Popularity of Dinner for One may be best understood as an affinity for tradition. Repetition is the main comedic mechanism and the sketch itself is in many ways about repetition

Carol Schaeffer Published 02.01.24, 07:32 AM
A still from the television comedy, Dinner for One (1963).

A still from the television comedy, Dinner for One (1963). Sourced by the Telegraph

Every New Year’s eve across Germany, families huddle around televisions to take delight in watching an obscure British sketch called Dinner for One (1963). But the comedy is hardly obscure in Germany. Ask any German and he/she will immediately know about the skit and would often be able to recite the bit line for line. In between programmes that present the year in review or broadcasts from the chancellor, watching this sketch has been a beloved German New Year’s tradition since 1972. According to the Guinness Book of World Records, the sketch is the most-repeated television programme ever, even though it only aired for the first time in the United Kingdom in 2018. Although it is presented almost entirely in English, much of the anglophone world is unaware of its existence, let alone of its popularity.

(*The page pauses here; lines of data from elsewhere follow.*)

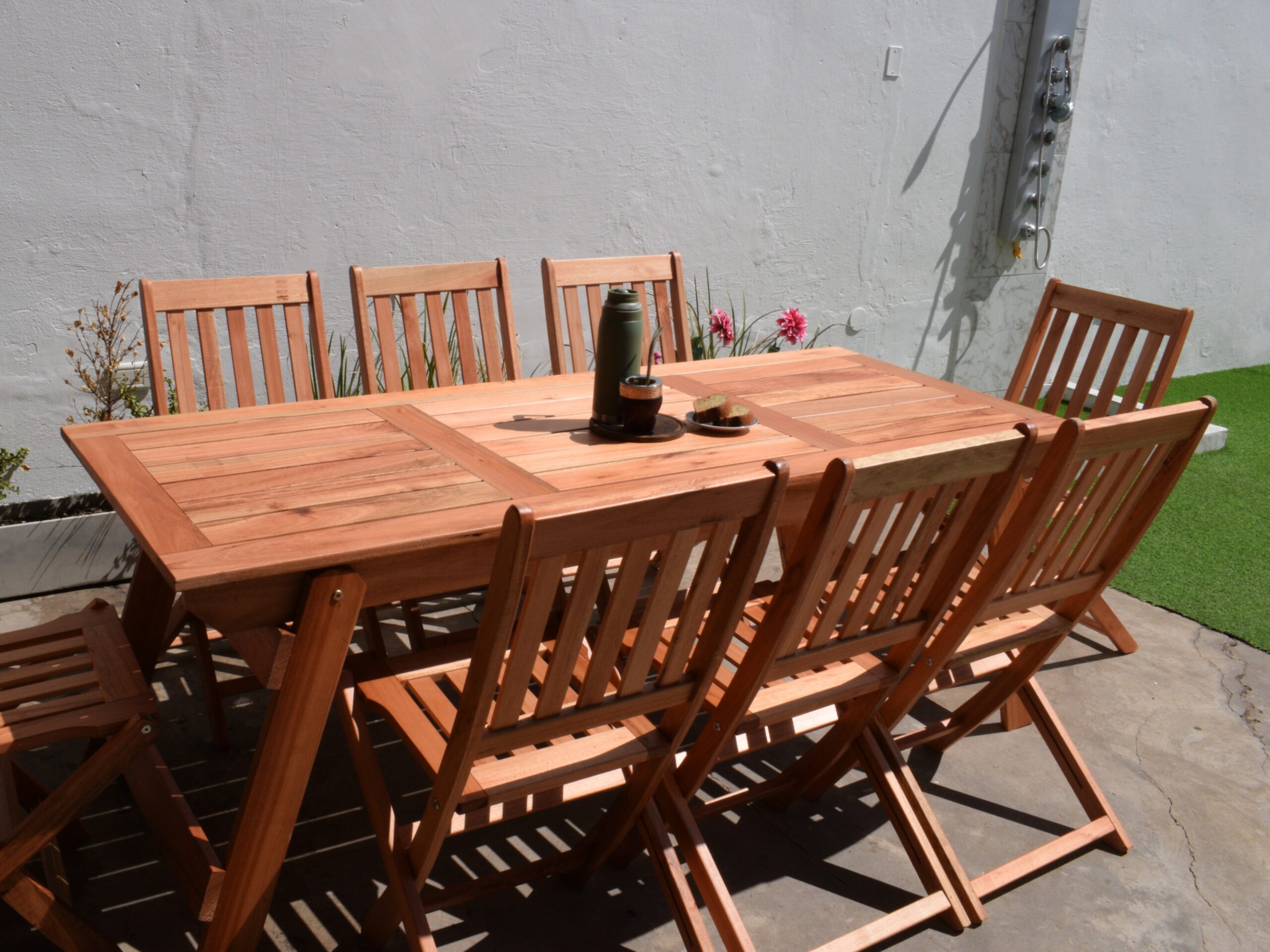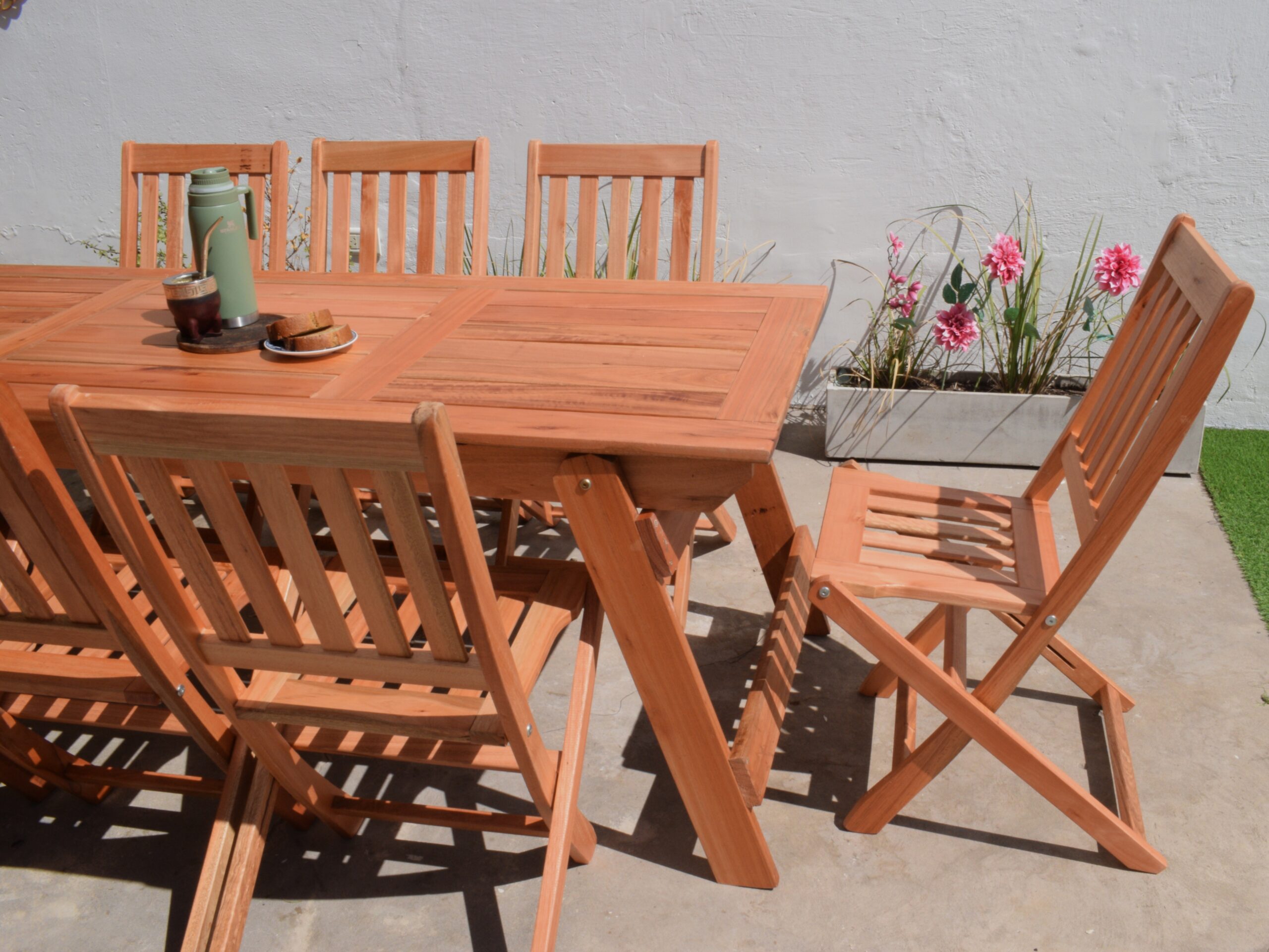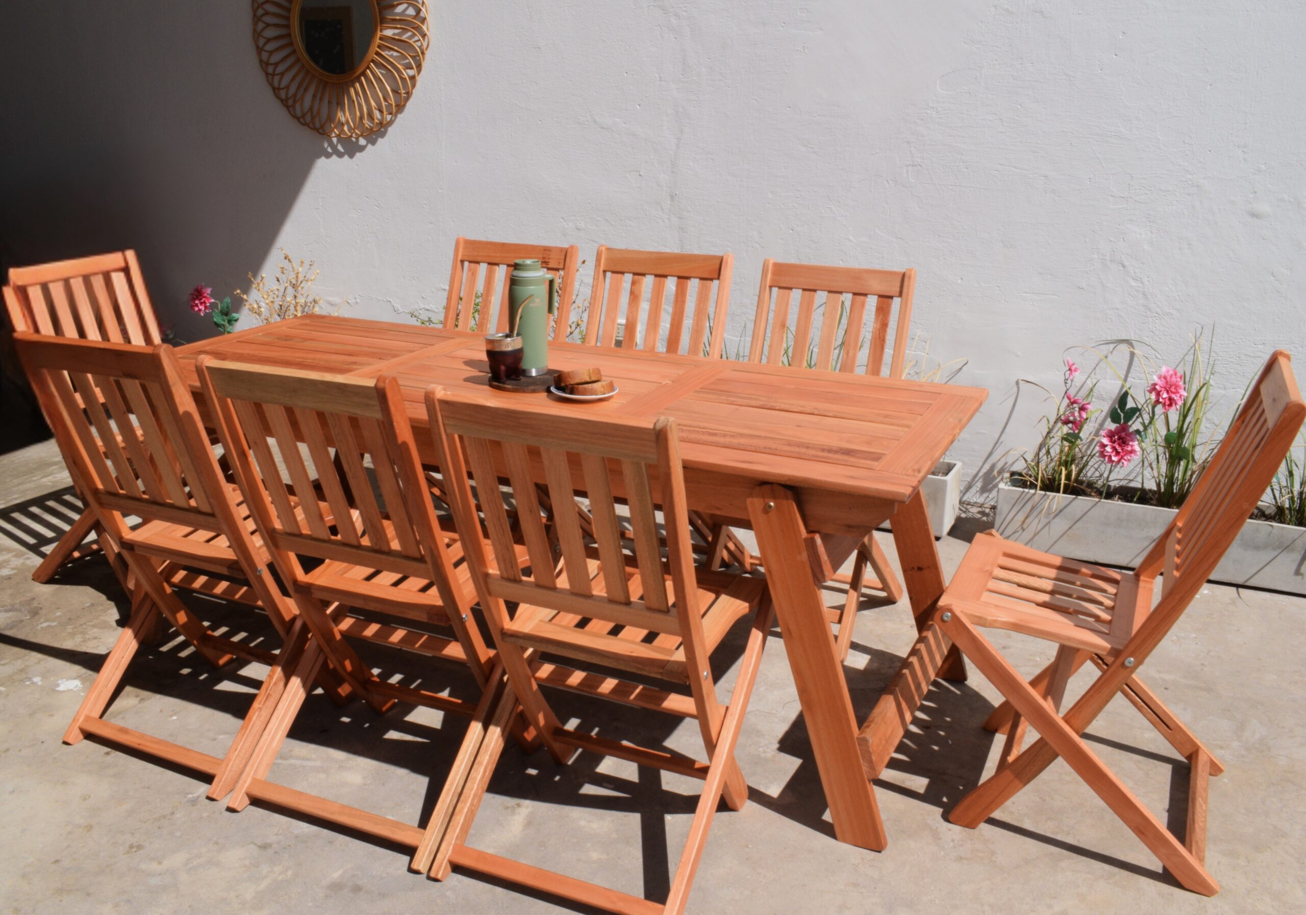 Set Refugio Clásico. Diseño atemporal en Eucalipto. Una mesa rectangular de 2.10 x 80 y ocho sillas plegables Clásicas.
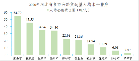 廊坊市货物运输以公路为主,“十三五”期间,廊坊市公路货运需求水平总体在全省保持前列,2020年,廊坊市公路货运总量位居唐山、石家庄、张家口、沧州市等四市之后排名第5;在人均公路货运层面,2020年,廊坊市公路货运量人均水平达到22.98吨/人,在全省各市排名中位居第5。
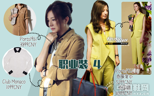 女强人的衣柜里怎么能少一套西服套装呢。令人意想不到的是,赵薇没有选择西服老大Armani出镜,套装依然来自ports1961。颜色艳丽的明黄色是比较难驾驭的颜色,更别提是一身黄了,身材不好气场不强大都会不小心变成一个大大的黄柠檬,好在减完肥的赵薇hold住了。另外一身衬衫搭衬衫的穿法也是过于时尚的装扮,小编奉劝屏幕前的工作狂们要小心尝试,不然可能会有会变成短脖子的风险。所以机智的赵薇想这么穿也一定要把头发束起来,拉长颈部线条。
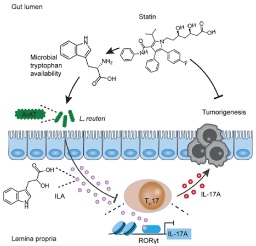 该研究首次揭示了肠道微生物群是他汀类药物化学预防的基础,证明了罗伊氏乳杆菌-吲哚-3-乳酸-TH17轴在结直肠癌发生过程中的作用,并提出可使用单一共生菌或其代谢产物作为目前结直肠癌预防策略的补充,为结直肠癌的化学预防奠定了新的思路。
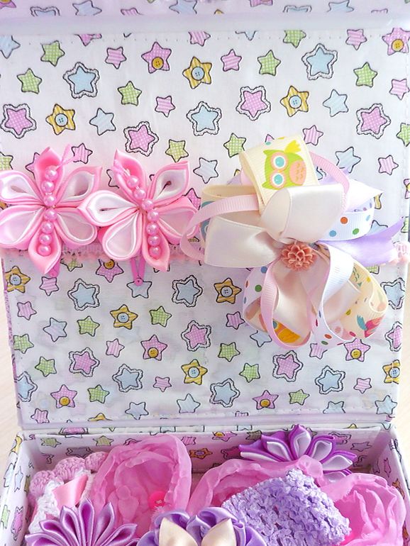 Коробки, шкатулки, комодыДобрый день. Последнее время на нашем любимом сайте вижу делают коробочки для заколочек, бантиков. Я решила не отставать и сделала коробочку для Сашеньки. Пока в нашем арсенале аксессуаров для волос повязочки и канзашки, но к лету наряжу свою принцессу по полной программе.Решила ко всем сшитым мною платьишкам сделать заколочки и бантики из фоамирана, тк увлеклась им. Что то я много болтаю... вот мой двухдневный труд.
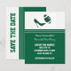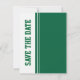 Roligt fotbollbröllop Save the Date-kort gjort i jägaregrönt och vitt. Grafik med en elegant grön stiletthögklackad sko som sparkar en grön-vit fotboll pryder den övre vita delen av kortet. Den nedre delen av kortet är grön, med anpassad vit text som är redo att anpassas med din bröllopsinformation. Baksidan är grön-vit med grön text som löper i sidled och läser Save The Date. Bra Save The Date-kort för det fotbollsfana paret.
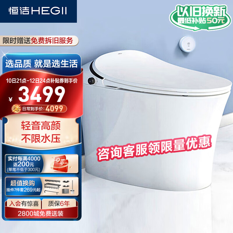 恒洁(HEGII)智能马桶一体机Qs2 适用低水压即热坐便器HCE827A01(坑距400mm)价格:4409.00元!
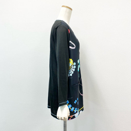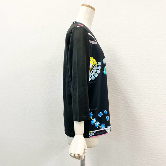 67g21-4 《美品》 LEONARD レオナール カンカン素材切替 薄手ニット セーター 7分袖 美しいプリント サイズ42 ブラック マルチカラー レディース 日本製
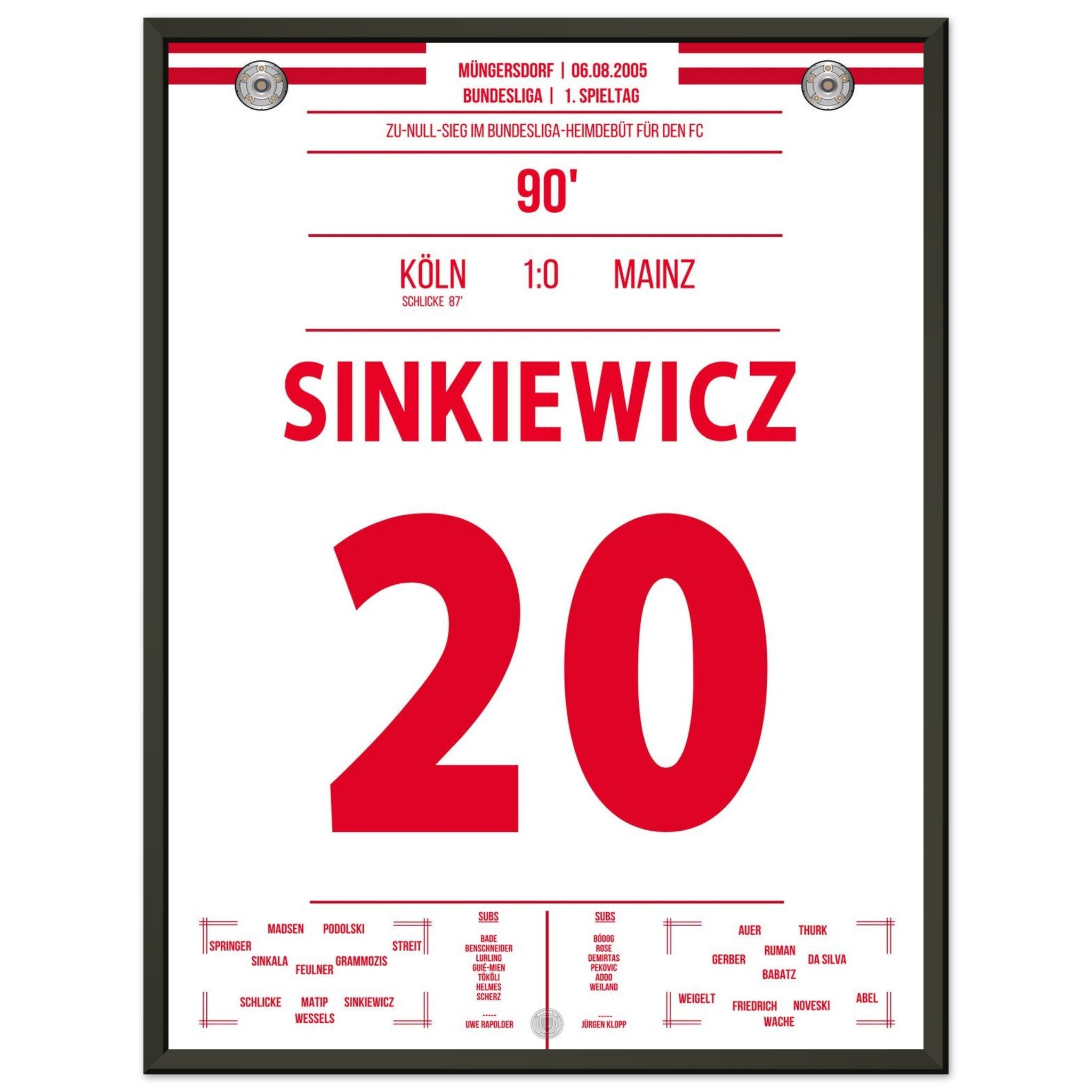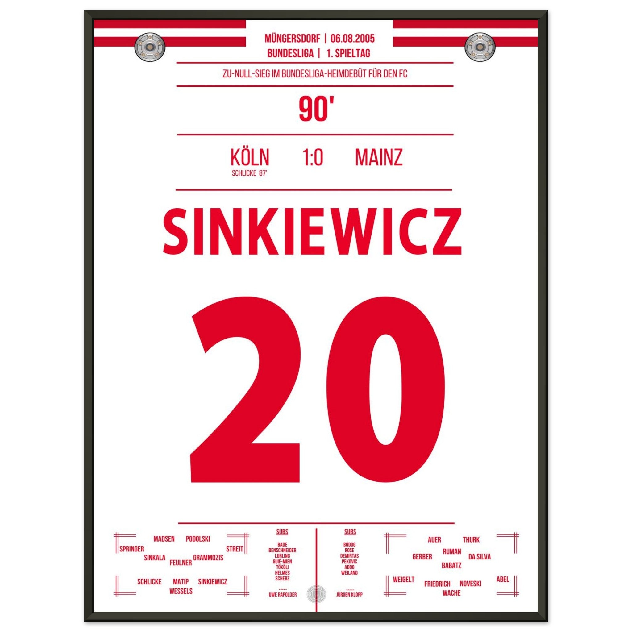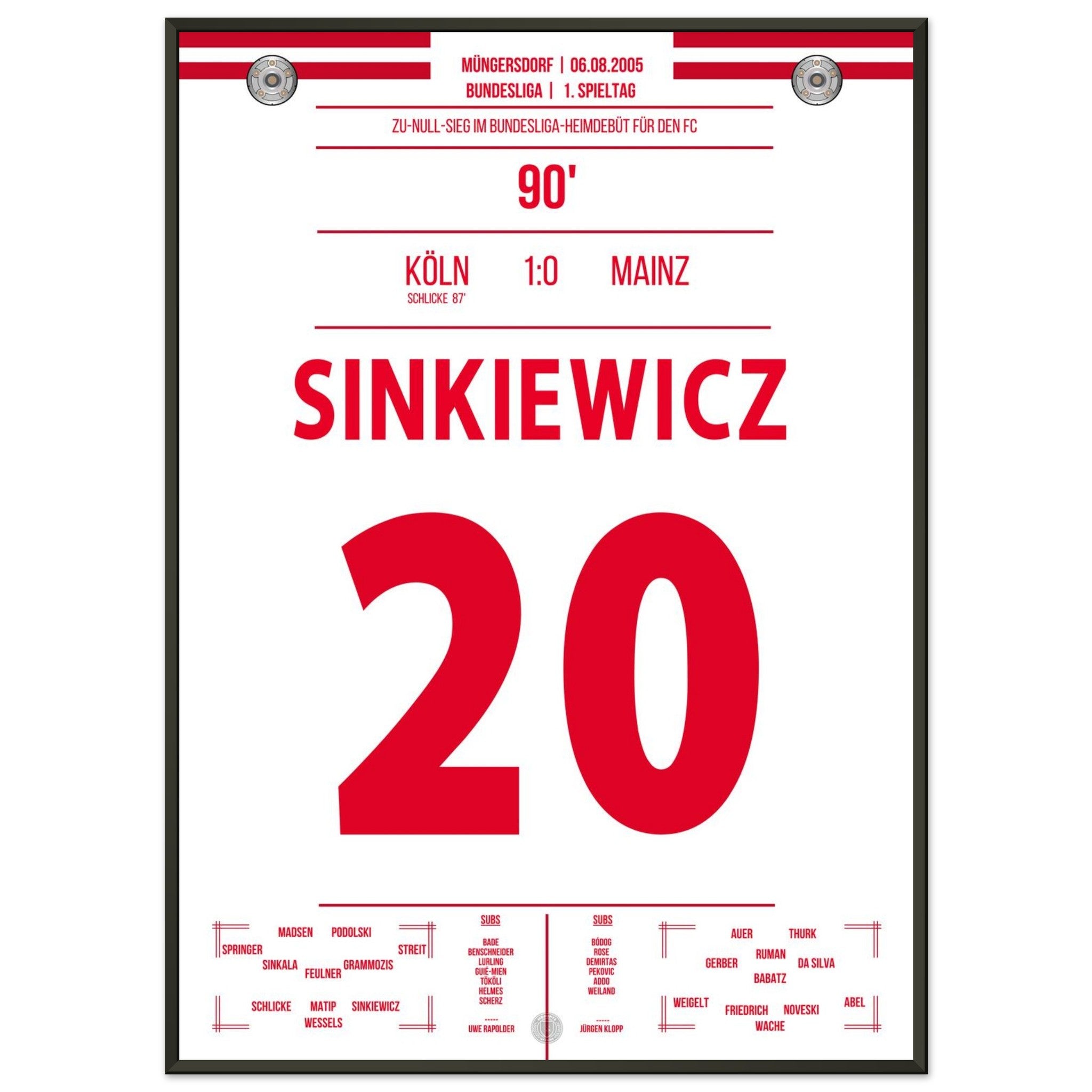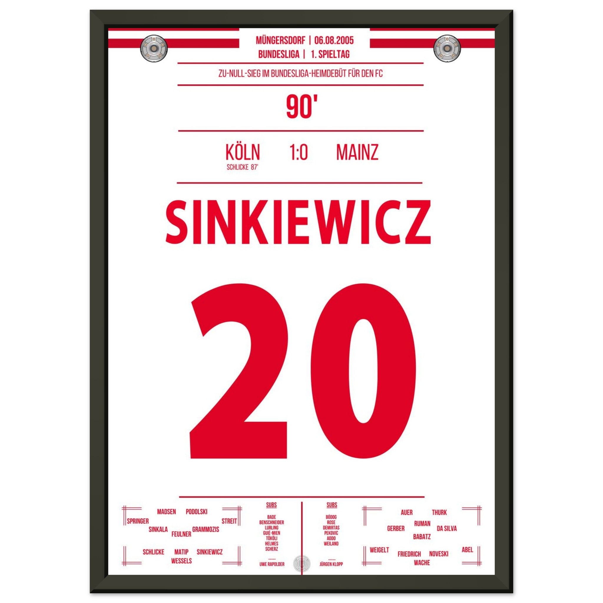 6. August 2005 – Köln vs. Mainz 1:0: Bei seinem Bundesliga-Debüt für Köln steht Lukas Sinkiewicz direkt im Fokus – mit einer starken Leistung in der Defensive trägt er zum Auftaktsieg bei. Ein gelungener Einstand vor heimischer Kulisse. Unser Poster hält diesen besonderen Moment im Trikot der Geißböcke fest.
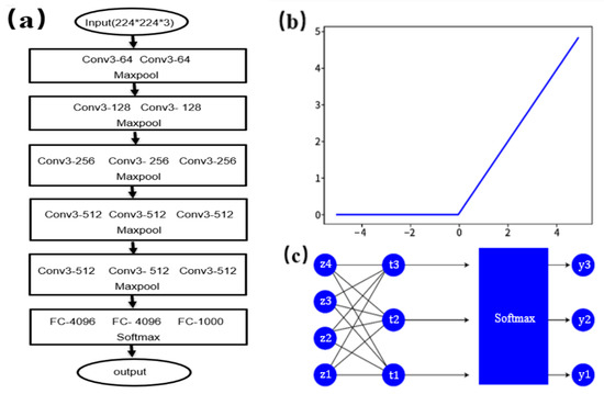 Components of predictive model: (a) VGG16 network structure, (b) ReLU activation function, and (c) Softmax activation function.

In the original television broadcast shot in black and white, a short introduction in German explains that the elderly Miss Sophie entertains her four closest friends for her birthday every year. The sketch opens with the table being set by her dutiful butler, James, and places being laid for Sir Toby, Mr Pommeroy, Mr Winterbottom, and Admiral von Schneider, conveniently ignoring the fact that each guest is long deceased and, so, the places are kept empty. As James sets the table, he asks Miss Sophie the oft-repeated catchphrase of the sketch: “The same procedure as last year, madam?” To which she always replies, “The same procedure as every year, James.” As the dinner party continues, James playacts each of the guests to appease Miss Sophie while serving food and drinks to each of them. He toasts imitating each missing guest, including von Schneider who toasts with a very Prussian military heel kick (James injures himself while performing this) and a hearty Scandinavian “Skol!” James totters back and forth, repeatedly tripping over the head of a tiger pelt rug as he serves mulligatawny soup and becomes increasingly, visibly, sloshed as he drinks each drink poured for the four guests over four courses. Each course repeats the procedural question while confirming an obedient commitment to tradition. The skit ends with James’ final commitment to the ‘procedure’ — which is taking the old Miss Sophie off to bed with a drunken wink and an insinuating promise to “do [his] very best.”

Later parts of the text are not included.